**TASK ITEM:**
Copy out the entries that follow exactly, leaving out the pictures.

---------- TASK INPUTS

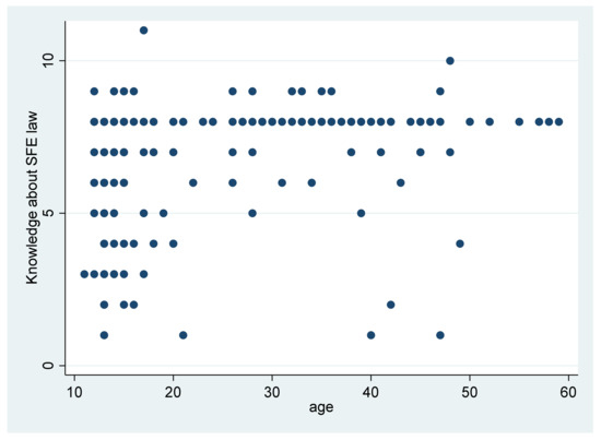 Among the 11 questions about the SMF law, 1–11 were answered correctly (Figure 1). Although the single respondent who answered all 11 questions correctly was a student, on average, the adults answered more questions correctly (mean = 7.48) than the students (mean = 6.52). The average difference was 0.97 (p < 0.001). The smokers indeed gave on average more correct answers (7.3 of a possible total of 11) than the non-smokers (6.9). However, this difference was not significant.
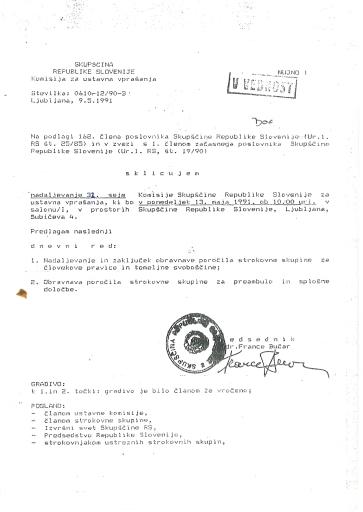 32. seja Komisije za ustavna vprašanja, 9. 5. 1991, 13. 5. 1991, 14. 5. 1991, 20. 5. 1991, 23. 5. 1991
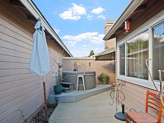 Step through the enclosed patio and immediately feel the fresh, open vibe of this modern retreat. As you enter, the living area unfolds with vaulted ceilings, bold stained concrete floors, and a layout that feels instantly inviting. The updated kitchen and bathrooms continue the contemporary feel, while vinyl flooring in key areas adds sleek durability. The primary bedroom opens through French doors to the patioperfect for relaxing mornings or unwinding evenings. Brick accent walls add stylish character throughout, and the in-unit laundry room brings everyday convenience. Dual-pane windows and a newer Lennox HVAC provide year-round comfort. A 2-car garage, convenient guest parking, and an HOA with fees lower than many communities in the areacovering roof, water, trash, sewer, exterior and ground maintenancemake ownership refreshingly simple. Hot tub and water softener included. The second bedroom flexes beautifully as an office or guest roommodern, move-in ready, and designed to impress.
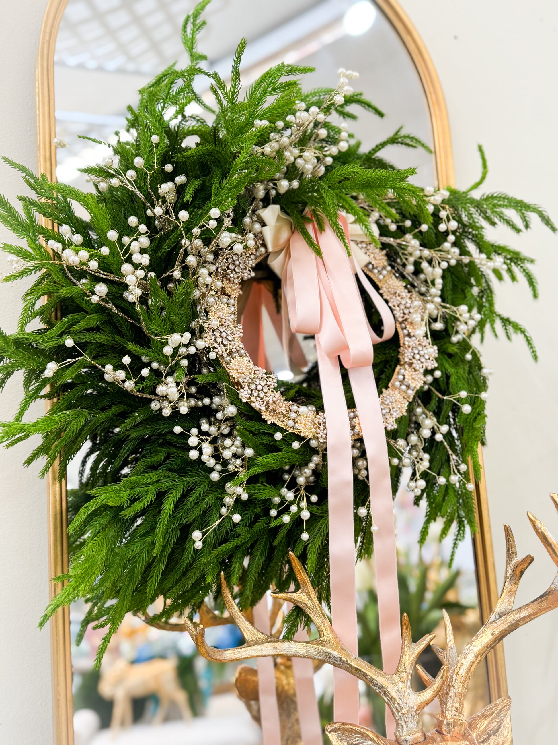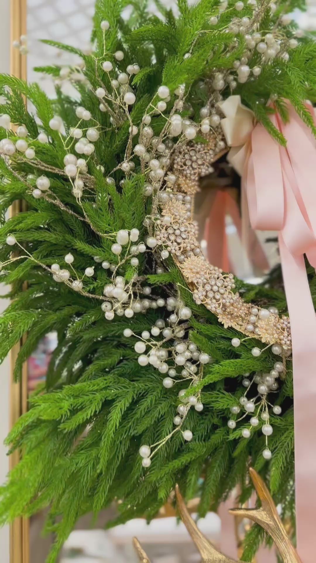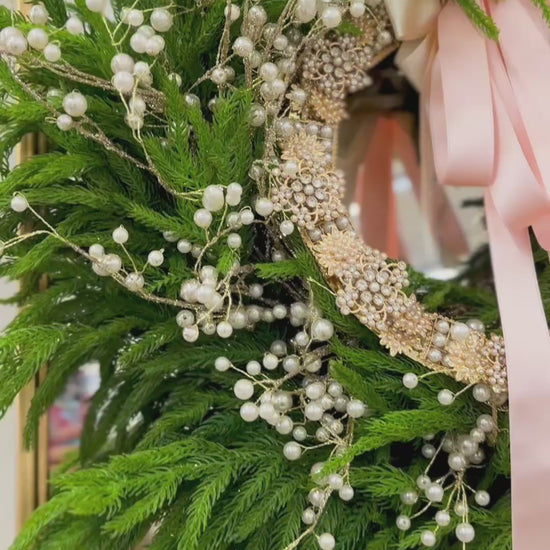 A timeless holiday masterpiece inspired by the grandeur of the French palace itself. The Versailles Noël Wreath pairs layers of lush, real-touch fir greenery with a radiant halo of hand-beaded pearls and jeweled floral accents — each detail shimmering like candlelight in a gilded ballroom.
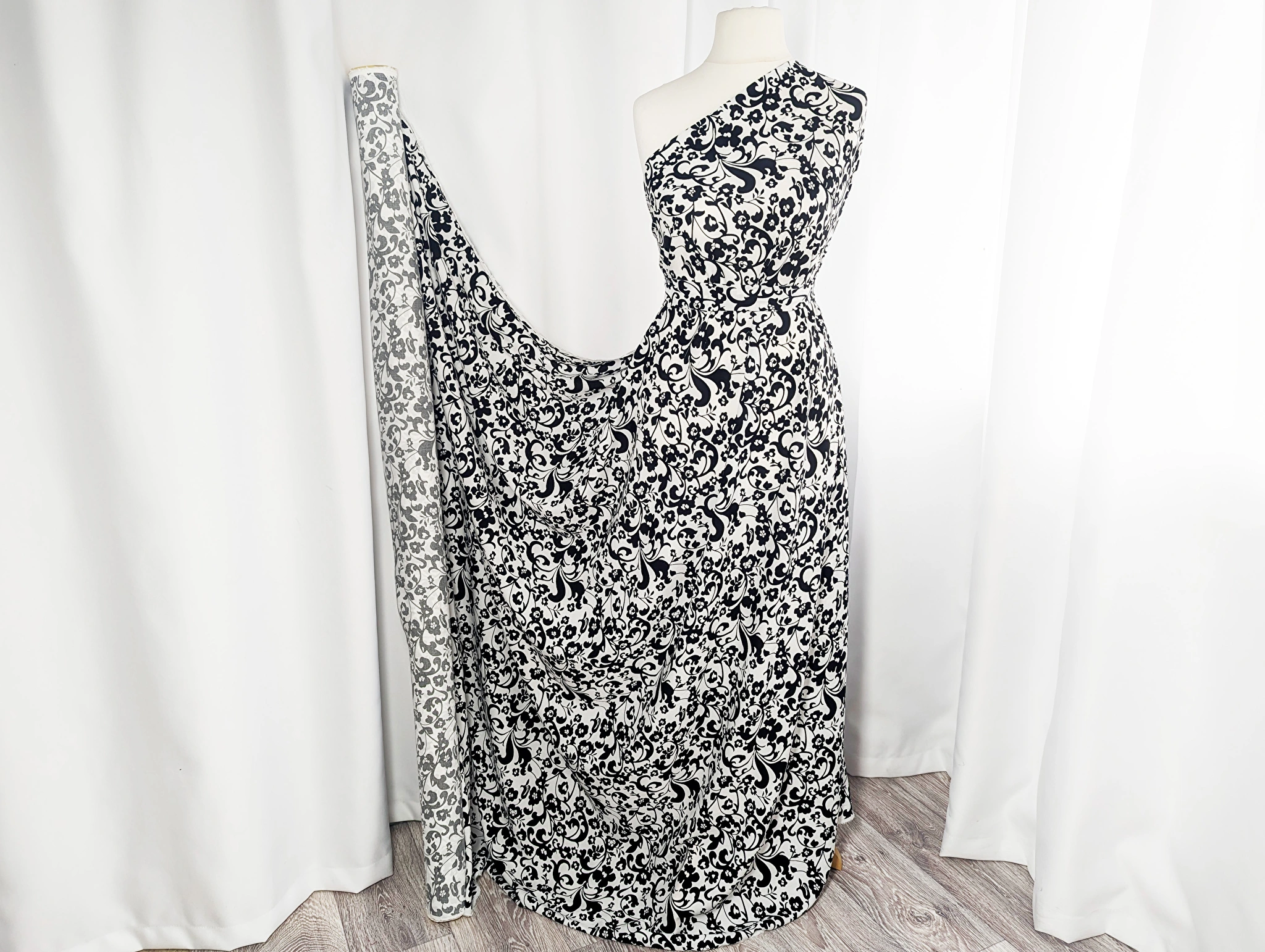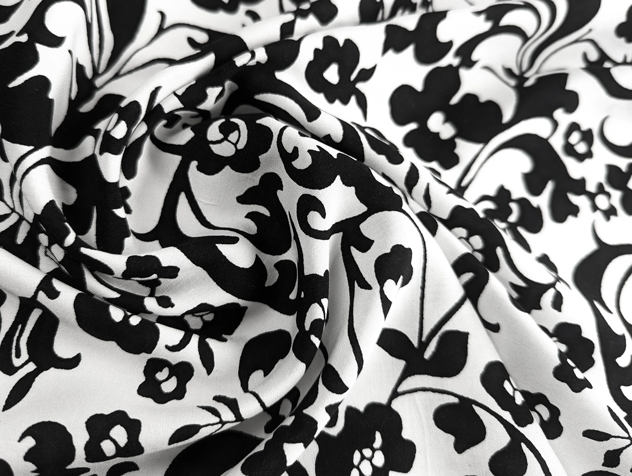 Штапель шовковистий квіткова композиція, чорний на білому
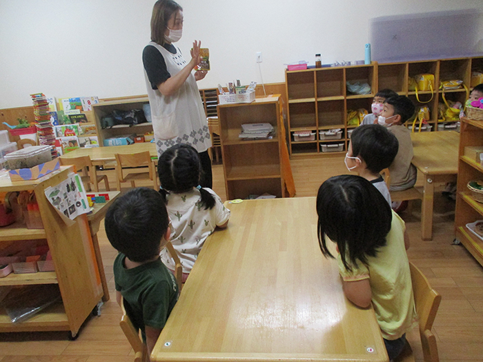 今回は、クラスごとに風水害についてのお話をしました。みんな真剣に聞いてくれました。
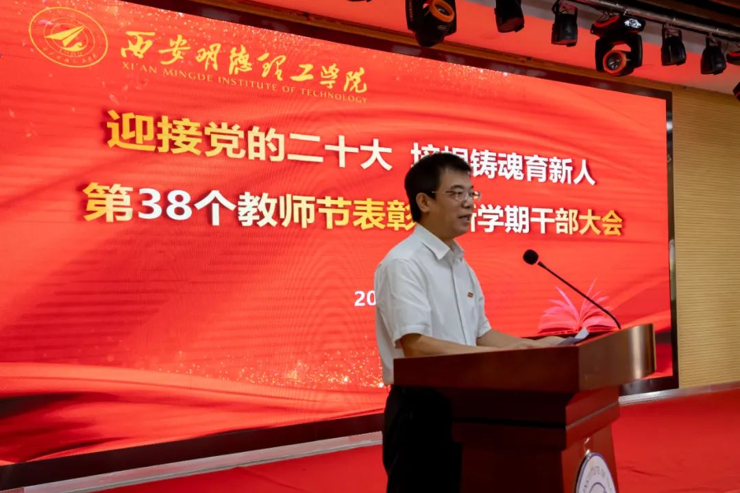 为热烈庆祝第三十八个教师节,安排部署新学期工作任务,9月9日上午,学校在建德楼召开教师节表彰暨新学期干部大会,按照疫情防控要求,大会以视频会议方式设多会场举行。全体校领导,各二级学院、职能部门、教辅单位主要负责同志,科级以上干部,受表彰的先进个人、教师代表及学生代表等参加大会。大会由校党委书记阎东明主持。

--------------------

**RESULT:**
 Among the 11 questions about the SMF law, 1–11 were answered correctly (Figure 1). Although the single respondent who answered all 11 questions correctly was a student, on average, the adults answered more questions correctly (mean = 7.48) than the students (mean = 6.52). The average difference was 0.97 (p < 0.001). The smokers indeed gave on average more correct answers (7.3 of a possible total of 11) than the non-smokers (6.9). However, this difference was not significant.
 32. seja Komisije za ustavna vprašanja, 9. 5. 1991, 13. 5. 1991, 14. 5. 1991, 20. 5. 1991, 23. 5. 1991
 Step through the enclosed patio and immediately feel the fresh, open vibe of this modern retreat. As you enter, the living area unfolds with vaulted ceilings, bold stained concrete floors, and a layout that feels instantly inviting. The updated kitchen and bathrooms continue the contemporary feel, while vinyl flooring in key areas adds sleek durability. The primary bedroom opens through French doors to the patioperfect for relaxing mornings or unwinding evenings. Brick accent walls add stylish character throughout, and the in-unit laundry room brings everyday convenience. Dual-pane windows and a newer Lennox HVAC provide year-round comfort. A 2-car garage, convenient guest parking, and an HOA with fees lower than many communities in the areacovering roof, water, trash, sewer, exterior and ground maintenancemake ownership refreshingly simple. Hot tub and water softener included. The second bedroom flexes beautifully as an office or guest roommodern, move-in ready, and designed to impress.
 A timeless holiday masterpiece inspired by the grandeur of the French palace itself. The Versailles Noël Wreath pairs layers of lush, real-touch fir greenery with a radiant halo of hand-beaded pearls and jeweled floral accents — each detail shimmering like candlelight in a gilded ballroom.
 Штапель шовковистий квіткова композиція, чорний на білому
 今回は、クラスごとに風水害についてのお話をしました。みんな真剣に聞いてくれました。
 为热烈庆祝第三十八个教师节,安排部署新学期工作任务,9月9日上午,学校在建德楼召开教师节表彰暨新学期干部大会,按照疫情防控要求,大会以视频会议方式设多会场举行。全体校领导,各二级学院、职能部门、教辅单位主要负责同志,科级以上干部,受表彰的先进个人、教师代表及学生代表等参加大会。大会由校党委书记阎东明主持。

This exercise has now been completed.